“Oh—I thought I told you,” Mr. Crow said. “Why—they’re in Farmer Green’s attic. His boy put them up there to dry. I saw them through the window, this very day.”
Frisky Squirrel was disappointed.
“I mustn’t go to Farmer Green’s house,” he said.
“Pooh! Why not?” asked Mr. Crow.
“It isn’t safe. I went there once to get some cake, and I nearly lost my life in the kitchen.”
“Ah! But this is different,” Mr. Crow explained. “You don’t have to go into the kitchen at all. All you have to do is to climb that big tree close by the house. And you can hop right through the attic window. There’s nobody upstairs in the daytime. In fact, I should call it one of the safest places to go that I know of.”
When Mr. Crow said that, Frisky believed him. Mr. Crow was so old, and so wise, and so solemn, that Frisky thought that anything he said must be true.

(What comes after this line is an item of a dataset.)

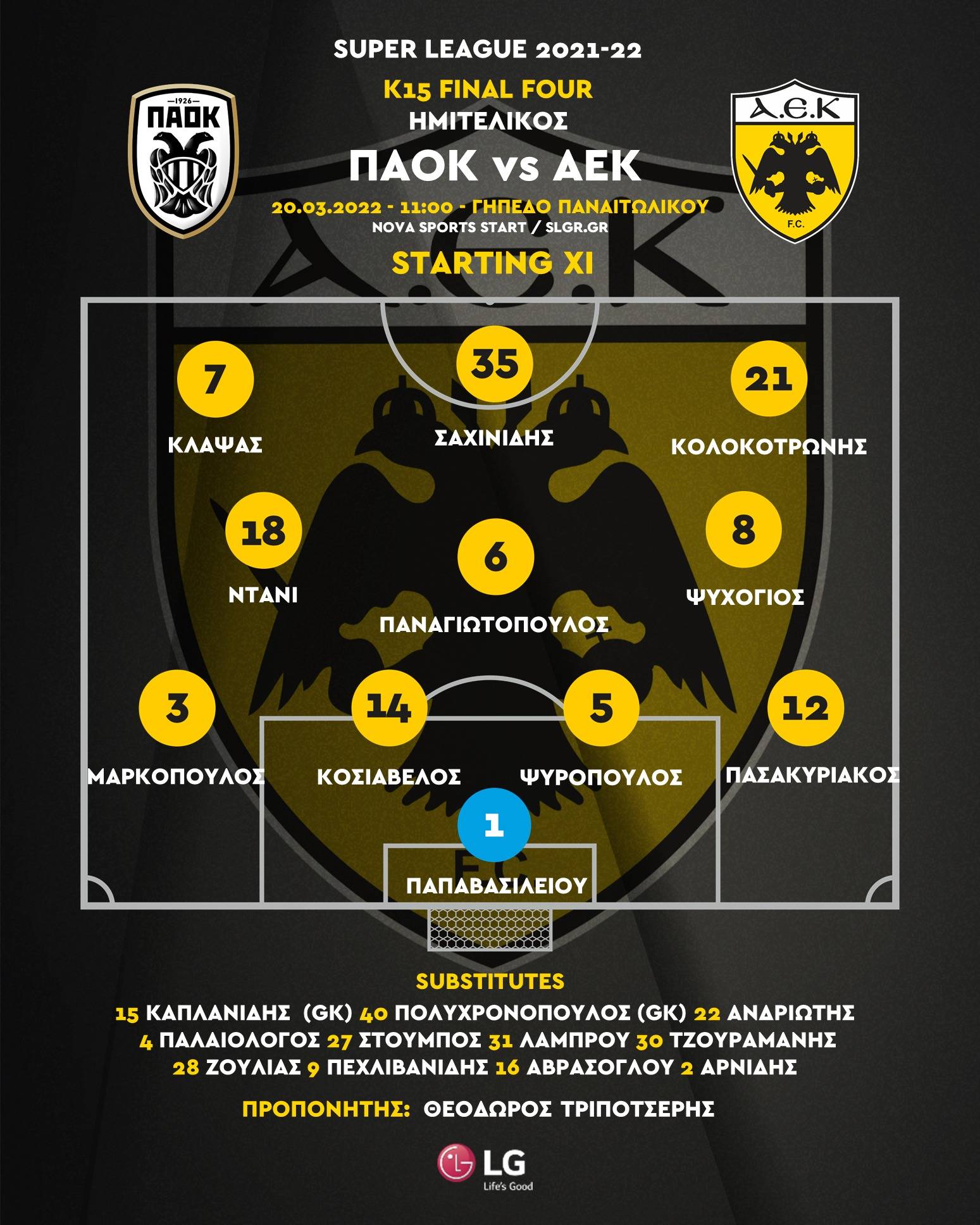 Δείτε ζωντανά την αναμέτρηση της ΑΕΚ με τον ΠΑΟΚ για τα ημιτελικά του Final 4 του πρωταθλήματος της Κ15. Σέντρα στις 11:00.

“I’m going past Farmer Green’s house right now,” Mr. Crow told Frisky. “I have a little matter to attend to over in the cornfield. And if you want to come along with me I don’t mind stopping to show you where the butternuts are. But of course if you’re afraid—” Mr. Crow stopped to cough. He buttoned his coat closer around his throat. And then he looked sideways at Frisky Squirrel.
“Afraid!” Frisky exclaimed. “I’m not afraid at all.”
“Good!” said Mr. Crow. “Now, then, young fellow! You skip along over to Farmer Green’s and I’ll be waiting for you down the road a bit.”